What this task involves:
Scanning the entries below, copy every line that contains the word "with".

Dataset entries:
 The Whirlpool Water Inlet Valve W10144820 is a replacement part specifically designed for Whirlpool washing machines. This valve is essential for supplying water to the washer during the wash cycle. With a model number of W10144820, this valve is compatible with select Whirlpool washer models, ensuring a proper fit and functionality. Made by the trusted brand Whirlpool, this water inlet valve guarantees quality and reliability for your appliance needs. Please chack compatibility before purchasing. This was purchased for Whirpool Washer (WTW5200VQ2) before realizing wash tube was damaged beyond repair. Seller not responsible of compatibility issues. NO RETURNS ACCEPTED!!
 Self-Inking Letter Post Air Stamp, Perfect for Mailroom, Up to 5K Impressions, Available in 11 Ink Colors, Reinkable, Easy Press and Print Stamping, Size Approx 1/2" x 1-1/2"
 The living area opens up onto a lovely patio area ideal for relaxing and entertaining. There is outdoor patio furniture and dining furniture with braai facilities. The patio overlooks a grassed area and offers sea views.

* * *

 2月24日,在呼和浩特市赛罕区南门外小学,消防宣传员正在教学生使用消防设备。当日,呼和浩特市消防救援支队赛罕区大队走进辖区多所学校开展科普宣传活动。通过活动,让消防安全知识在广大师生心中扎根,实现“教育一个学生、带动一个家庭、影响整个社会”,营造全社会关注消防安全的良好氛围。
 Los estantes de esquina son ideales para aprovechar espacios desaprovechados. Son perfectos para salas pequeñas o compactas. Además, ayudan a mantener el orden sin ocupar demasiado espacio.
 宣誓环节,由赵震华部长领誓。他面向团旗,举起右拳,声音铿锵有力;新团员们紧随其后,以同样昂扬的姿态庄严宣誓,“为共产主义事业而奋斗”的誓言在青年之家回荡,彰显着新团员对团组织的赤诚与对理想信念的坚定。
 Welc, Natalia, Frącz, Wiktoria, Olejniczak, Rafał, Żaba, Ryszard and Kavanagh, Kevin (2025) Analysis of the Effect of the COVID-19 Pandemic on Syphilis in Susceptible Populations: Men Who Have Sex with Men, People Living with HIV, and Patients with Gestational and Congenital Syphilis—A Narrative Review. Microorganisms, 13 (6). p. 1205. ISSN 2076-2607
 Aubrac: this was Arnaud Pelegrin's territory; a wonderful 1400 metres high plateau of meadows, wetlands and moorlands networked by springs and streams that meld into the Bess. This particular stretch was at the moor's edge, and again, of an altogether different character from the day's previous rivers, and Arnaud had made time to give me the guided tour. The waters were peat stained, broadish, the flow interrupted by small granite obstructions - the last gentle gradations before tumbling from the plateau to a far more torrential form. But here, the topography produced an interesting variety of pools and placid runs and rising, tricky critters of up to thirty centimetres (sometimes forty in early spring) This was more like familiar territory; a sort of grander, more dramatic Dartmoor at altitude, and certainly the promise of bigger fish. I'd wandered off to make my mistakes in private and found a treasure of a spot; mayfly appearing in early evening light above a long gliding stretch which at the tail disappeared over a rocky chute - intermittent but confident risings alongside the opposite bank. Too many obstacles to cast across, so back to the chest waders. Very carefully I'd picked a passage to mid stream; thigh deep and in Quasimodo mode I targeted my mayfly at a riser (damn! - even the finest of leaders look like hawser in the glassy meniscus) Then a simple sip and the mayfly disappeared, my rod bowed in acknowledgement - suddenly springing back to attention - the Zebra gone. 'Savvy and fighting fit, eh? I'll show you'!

Finished task:
 The Whirlpool Water Inlet Valve W10144820 is a replacement part specifically designed for Whirlpool washing machines. This valve is essential for supplying water to the washer during the wash cycle. With a model number of W10144820, this valve is compatible with select Whirlpool washer models, ensuring a proper fit and functionality. Made by the trusted brand Whirlpool, this water inlet valve guarantees quality and reliability for your appliance needs. Please chack compatibility before purchasing. This was purchased for Whirpool Washer (WTW5200VQ2) before realizing wash tube was damaged beyond repair. Seller not responsible of compatibility issues. NO RETURNS ACCEPTED!!
 The living area opens up onto a lovely patio area ideal for relaxing and entertaining. There is outdoor patio furniture and dining furniture with braai facilities. The patio overlooks a grassed area and offers sea views.
 Welc, Natalia, Frącz, Wiktoria, Olejniczak, Rafał, Żaba, Ryszard and Kavanagh, Kevin (2025) Analysis of the Effect of the COVID-19 Pandemic on Syphilis in Susceptible Populations: Men Who Have Sex with Men, People Living with HIV, and Patients with Gestational and Congenital Syphilis—A Narrative Review. Microorganisms, 13 (6). p. 1205. ISSN 2076-2607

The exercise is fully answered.